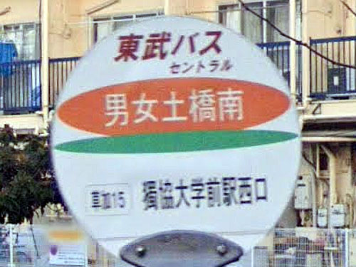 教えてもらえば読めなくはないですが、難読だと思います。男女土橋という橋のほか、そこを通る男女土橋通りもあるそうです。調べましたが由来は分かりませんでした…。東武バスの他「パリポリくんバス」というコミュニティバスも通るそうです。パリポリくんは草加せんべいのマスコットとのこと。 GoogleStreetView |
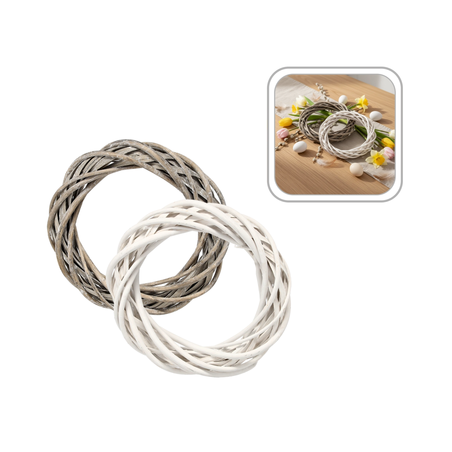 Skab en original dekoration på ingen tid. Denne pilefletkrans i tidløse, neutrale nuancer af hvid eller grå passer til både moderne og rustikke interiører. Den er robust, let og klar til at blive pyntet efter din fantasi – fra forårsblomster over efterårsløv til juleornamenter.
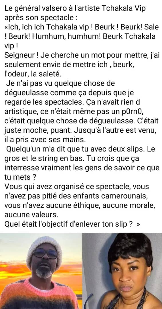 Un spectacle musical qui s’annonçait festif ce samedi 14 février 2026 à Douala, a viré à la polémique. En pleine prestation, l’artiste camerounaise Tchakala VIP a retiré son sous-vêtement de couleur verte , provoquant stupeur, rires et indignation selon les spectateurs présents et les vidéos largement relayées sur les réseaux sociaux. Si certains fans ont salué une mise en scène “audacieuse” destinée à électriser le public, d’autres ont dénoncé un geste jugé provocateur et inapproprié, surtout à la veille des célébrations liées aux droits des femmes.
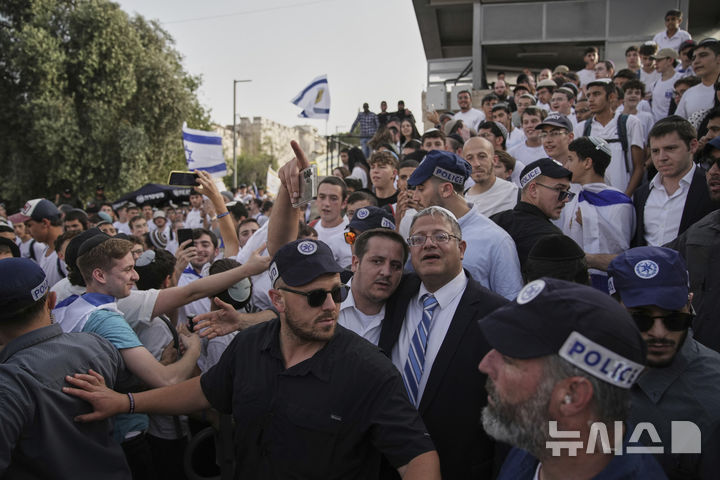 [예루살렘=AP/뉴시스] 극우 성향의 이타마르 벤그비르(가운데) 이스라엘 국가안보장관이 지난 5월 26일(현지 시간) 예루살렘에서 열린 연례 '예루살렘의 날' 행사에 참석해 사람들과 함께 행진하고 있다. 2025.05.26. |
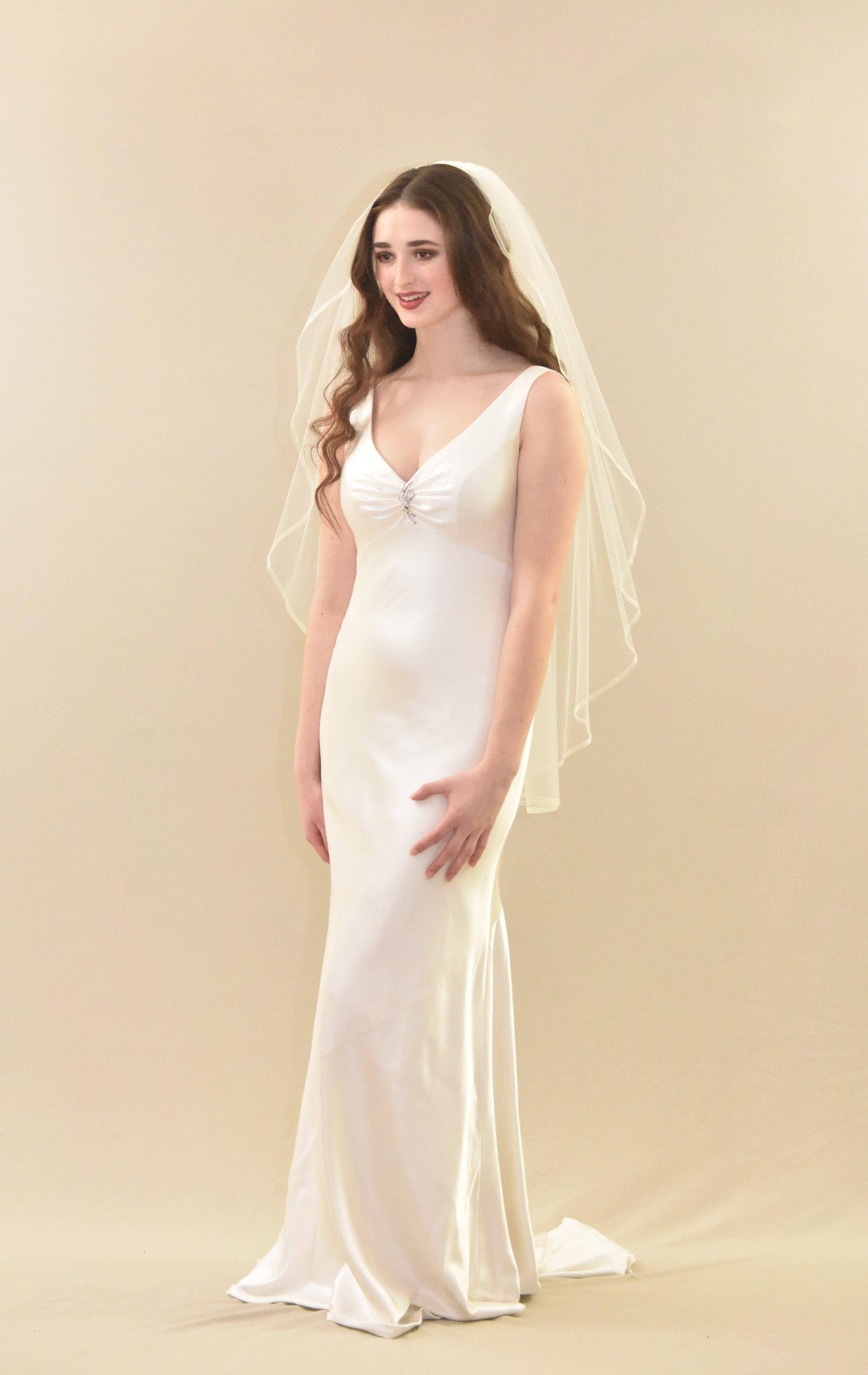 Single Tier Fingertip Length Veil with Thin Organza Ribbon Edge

==

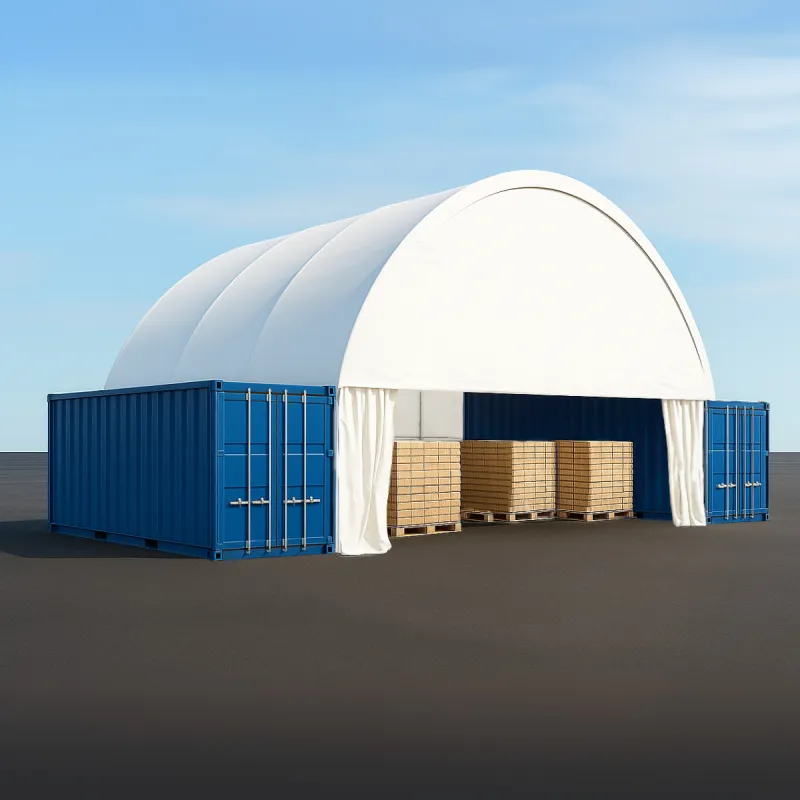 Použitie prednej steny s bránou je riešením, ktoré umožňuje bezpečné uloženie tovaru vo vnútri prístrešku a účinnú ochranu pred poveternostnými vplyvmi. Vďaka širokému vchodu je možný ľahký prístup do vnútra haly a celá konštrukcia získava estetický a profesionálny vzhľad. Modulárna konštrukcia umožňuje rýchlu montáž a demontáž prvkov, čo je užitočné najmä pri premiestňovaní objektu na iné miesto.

--

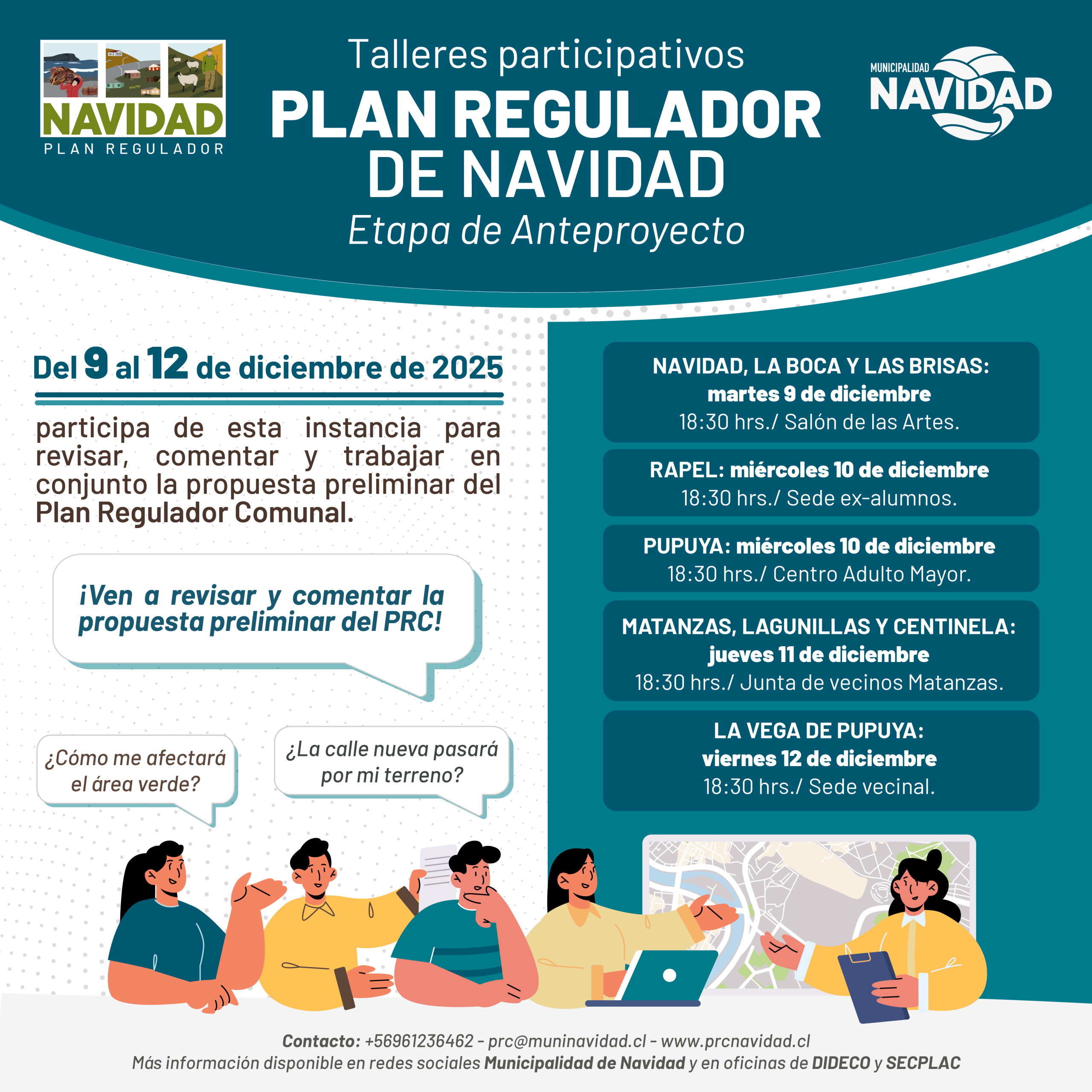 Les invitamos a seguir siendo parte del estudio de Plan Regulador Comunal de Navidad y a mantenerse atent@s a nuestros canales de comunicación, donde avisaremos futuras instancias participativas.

### Exercise prompt
Leave out the images and write out the lines above exactly, from the one with "Un spectacle musical" up to and including the one with "Single Tier Fingertip".

### Exercise solution
 Un spectacle musical qui s’annonçait festif ce samedi 14 février 2026 à Douala, a viré à la polémique. En pleine prestation, l’artiste camerounaise Tchakala VIP a retiré son sous-vêtement de couleur verte , provoquant stupeur, rires et indignation selon les spectateurs présents et les vidéos largement relayées sur les réseaux sociaux. Si certains fans ont salué une mise en scène “audacieuse” destinée à électriser le public, d’autres ont dénoncé un geste jugé provocateur et inapproprié, surtout à la veille des célébrations liées aux droits des femmes.
 [예루살렘=AP/뉴시스] 극우 성향의 이타마르 벤그비르(가운데) 이스라엘 국가안보장관이 지난 5월 26일(현지 시간) 예루살렘에서 열린 연례 '예루살렘의 날' 행사에 참석해 사람들과 함께 행진하고 있다. 2025.05.26. |
 Single Tier Fingertip Length Veil with Thin Organza Ribbon Edge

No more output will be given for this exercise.